BUSINESS OPERTAION MANAGEMENT AGREEMENT
Exhibit 10.2
BUSINESS OPERTAION MANAGEMENT AGREEMENT
BY AND AMONG
CHUANGXIANG NETWORK TECHNOLOGY (SHENZHEN) LIMITED
AND
SHENZHEN CHUANGXIANG NETWORK TECHNOLOGY LIMITED
AND
XXXXXX XX
HUIBIN SU
XXXXXXX XXXXX
April 20, 2017
BUSINESS OPERATION MANAGEMENT AGREEMENT
(TRANSLATION COPY)
THIS BUSINSS OPERATION MANAGEMENT AGREEMENT (this Agreement) is entered into as of the 20th day of April, 2017 in Shenzhen, the Peoples Republic of China (the PRC)
by and among
Party A: Chuangxiang Network Technology (Shenzhen) Limited
Entity Registration Number: 440300MA5DAEP93
Registered Address: Xxxx 000, Xxxxxxxx X, 0 Xxxxxxx Xxxx 1, Qianhai Shenzhen-Hong Kong Modern Service Industry Cooperation Zone (sharing offices with Shenzhen Qianhai Commerce Secretary Limited)
Legal Representative: Jiyin Li
Party B: Shenzhen Chuangxiang Network Technology Limited
Entity Registration Number: 44030034988710X5
Registered Address: Xxxx 000, Xxxxxxxx X, 0 Xxxxxxx Xxxx 0, Xxxxxxx Xxxxxxxx-Xxxx Xxxx Modern Service Industry Cooperation Zone (sharing offices with Shenzhen Qianhai Commerce Secretary Limited)

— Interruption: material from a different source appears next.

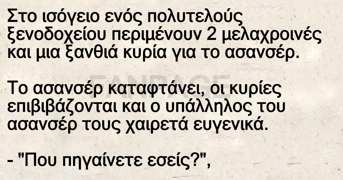 Στο ισόγειο ενός πολυτελούς ξενοδοχείου περιμένουν 2 μελαχροινές και μια ξανθιά κυρία για το ασανσέρ by Newsroom 02.03.2020 21:46 written by Newsroom

Legal Representative: Jiyin Li
Party C: Jiyin Li
(China) Citizen ID Number: 000000000000000000
Address: Xx. 00 Xxxxxxxx 0, Xxxxx Xxxx 0, Xxxxxxx Xxxxxxxx, Xxxxxxxx Xxxx, Xxxxx
Party D: Huibin Su
(China) Citizen ID Number: 000000000000000000
Address: Xxxx 000, Xxxxxxxx Xxxxxx 0, Xxxxxx Xxxxxxxx, Xxxxxxxxx Xxxx, Xxxxx
Party E: Xxxxxxx Xxxxx
(China) Citizen ID Number: 000000000000000000
Address: Room 000, Xxxxxx Xxxx 00, Xxxxxx Xxxxxxxx, Xxxxxxxxx Xxxx, Xxxxx
(Party A, Party B, Party C, Party D and Party E individually being referred to as a “Party” and collectively the “Parties”).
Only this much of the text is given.